Forces Reshaping the World Economy
The world has entered a period of massive shifts in its economy. Among the many changes likely to occur, China will be the world's largest economy by 2020; digital television and telephone systems will completely change the way people and businesses communicate; and such traditional activities as deposit banking may become shadows of their former selves. Behind these changes and the reshaping of the world economy are two major forces: a technology revolution and an economic revolution.
A cluster of innovations centered around telecommunications and informatics has produced a revolution in information technology. Although this revolution is still young, with the full blooming of digitalization and of full bandwidth exploitation still some years away, it is a very powerful one. Three reasons are behind this potency.
First, information technologies are helping to unleash the potential of other technologies, creating subrevolutions in other areas. In transportation, for example, the container revolution, associated with hub airports, low-cost cargoes, and fast shipment methods, owes its existence to advances in information technology. Likewise, startling changes in high-performance materials, biotechnology, and robotics, and in programming and software applications of every possible kind, have been made possible by the information technology revolution.
Second, these information technologies are about information flowing faster, more generously, and less expensively throughout the planet. As a result' knowledge is becoming an important factor in the economy, more important than raw materials, capital, labor, or exchange rates.

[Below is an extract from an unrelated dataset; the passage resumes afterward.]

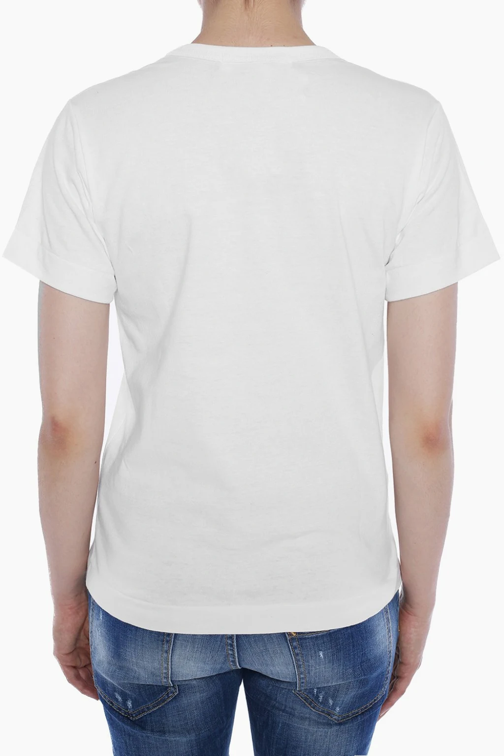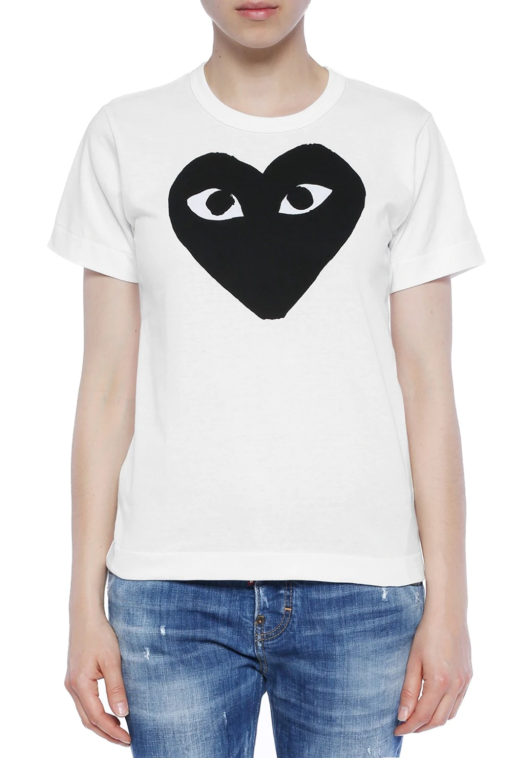 White cotton T-shirt from Comme des Garçons Play. Printed black heart. Round neck. Short sleeves.

And third, whereas earlier technology revolutions dealt with the transformation of matter or energy, the information technology revolution is all about time and distance. It is no great surprise, then, that the technology revolution is producing a companion revolution in business practices worldwide which can be illustrated by five examples.

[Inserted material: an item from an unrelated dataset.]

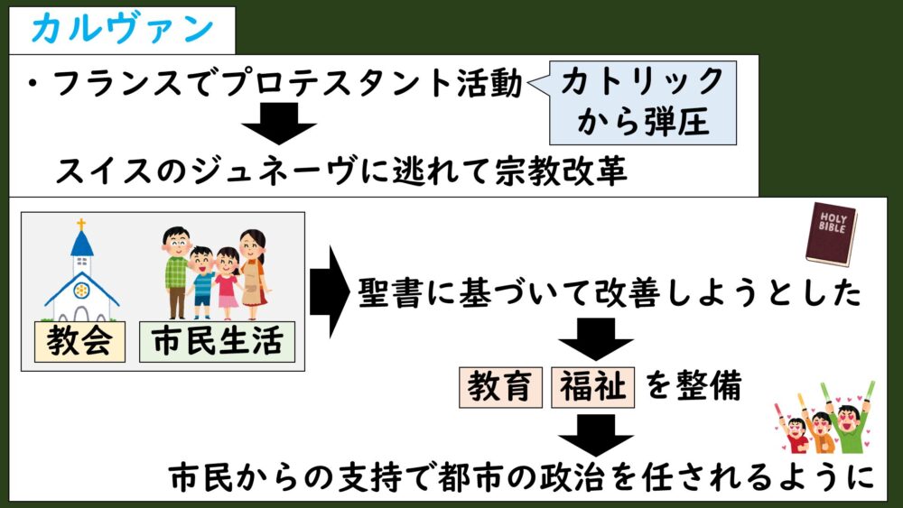 カルヴァンは、教会だけでなく市民の生活も聖書に基づいて改善しようと活動し、理想の都市を創ろうとしました。

First, evident almost everywhere today are accelerated, flexible business processes. Toyota, for example, has saved billions by adopting just-in-time inventory methods. Clothing retailer Benetton has a complete reorder cycle of two to three weeks - the time that elapses between purchase of a pullover in New York and the shipment of a replacement pullover manufactured in Sri Lanka. This was unheard of several years ago.

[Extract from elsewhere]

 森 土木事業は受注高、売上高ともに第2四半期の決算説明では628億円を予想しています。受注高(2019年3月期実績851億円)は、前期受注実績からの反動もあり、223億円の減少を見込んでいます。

A second aspect of new business practices is hypercompetitive purchasing worldwide. Big U.S. department stores now solicit bids for cotton goods from 10 countries at a time. This was never the case before. Ford Motor Company is reorganizing itself around the concept of the global car, for which parts purchasing will be effected worldwide on a best-price basis. And electronic shopping networks are popping up, using electronic interactive catalog systems.
Third, smaller units - with smaller sizes, lower overheads, shorter feedback loops - are gaining the advantage over larger units. This trend will probably lead to the reemergence of family firms and, in general, the emergence of healthy, export-oriented, mid-sized firms. Big companies such as General Electric are breaking themselves up into a collection of smaller enterprises in order to maintain that small enterprise spirit. And flatter organizations--that is, with fewer hierarchical levels - are in vogue. For example, ABB, a large company that produces electrical turbines, just recently reduced the number of layers between its top management and the ranks.
A fourth aspect of this business practice revolution is the impending explosion of remote services that once were considered untradable. SwissAir has its revenue accounting done in Delhi. The Indian software industry already has captured a $500 million piece of the total turnover of the industry. In Washington, some doctors dictate into a telephone memos, which are then typed in Bangalore, India, in real time onto the doctors' computers in Washington. Even Romania, long backward economically, already has scores of teleporting firms in place.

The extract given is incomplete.